By Patrick Wingrove
Feb 26 (Reuters) - Eli Lilly LLY.N plans to spend at least $27 billion to build four new manufacturing plants in the U.S., the drugmaker said at a Washington press conference on Wednesday, as it grapples with the threat of drug import duties from the Trump administration.
The new plants will be built over the next five years, and are expected to create more than 3,000 jobs for skilled workers like engineers and scientists as well as 10,000 construction jobs, the company said.
Lilly said it will announce the locations of the sites later this year.
The announcement comes less than a week after U.S. President Donald Trump met with chief executives from major drugmakers, including Lilly CEO David Ricks, to discuss industry concerns such as tariffs on drug imports.

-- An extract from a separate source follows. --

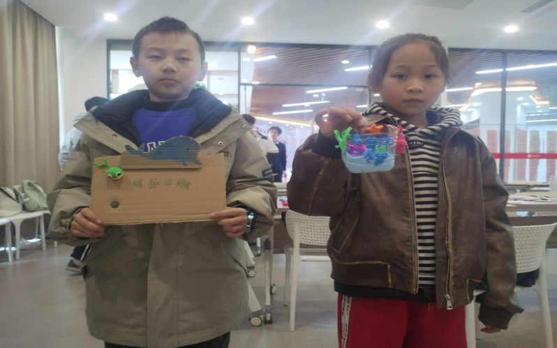 在知识普及环节之后,实践团成员携手社区老中幼居民,共同开展了“变废为宝 - 长江江豚”主题手工实践活动。活动现场,平日里堆放在角落的废弃纸箱、粘土等材料,在大家的巧手下被赋予了新的生命。大人和小孩们热情高涨,创意不断。有的小朋友用粘土精心捏制出可爱的江豚,并模拟出逼真的海洋环境;有的居民则充分发挥自己的创意,拿起废弃的快递纸箱,用彩铅绘出栩栩如生的江豚形象,再巧妙地裁剪下来。活动过程中,大人与小孩积极互动,温馨和谐的氛围洋溢在整个会议室,大家共同体验着循环利用废弃物带来的乐趣与成就感。
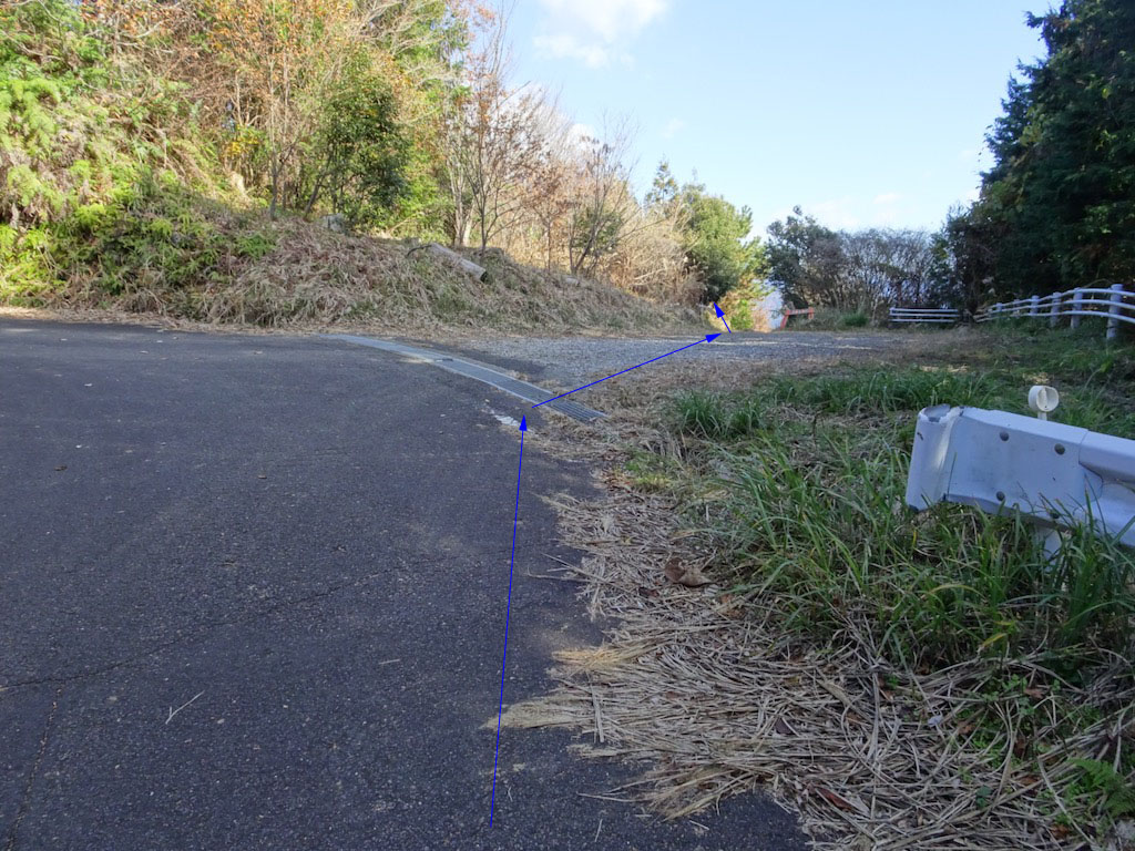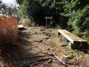 森林整備の車が停められた先の左カーブを右に入り、通行止めのロープを左に上がる(写真)と、すぐにダイラボウの南端のトイレ前に飛び出す。

Trump, who campaigned on a promise to boost domestic manufacturing, has been piling pressure on drugmakers since taking office to move medicine production to the U.S. He suggested last week that he could impose a 25% duty on pharmaceutical and other imports.
Other sectors are also making manufacturing announcements. Earlier this week, Apple said it would spend $500 billion in the U.S. over the next four years, but analysts said some of that included current commitments.
The U.S. and its major trading partners have agreed to reciprocal tariff elimination for pharmaceutical products and chemicals used in drug production for the past 30 years, according to the U.S. Trade Representative's office.
Despite telling Republicans in a White House meeting earlier this month that he was considering such an exemption, Reuters reported, Trump has yet to rule them out.
Ricks said in a statement that Lilly's new investment plans would help reinvigorate U.S. manufacturing, and that tax-cutting legislation introduced in Trump's first term has been foundational to the drugmaker's domestic manufacturing investments.
Lilly, which has become the world's most valuable healthcare company worth more than $855 billion, said it has already committed $23 billion to boosting its U.S. manufacturing footprint since 2020. Its Wednesday announcement brings that total to more than $50 billion.
Three of Lilly's new plants will be used to manufacture pharmaceutical raw ingredients, while the fourth will make injectable medicines, the drugmaker said.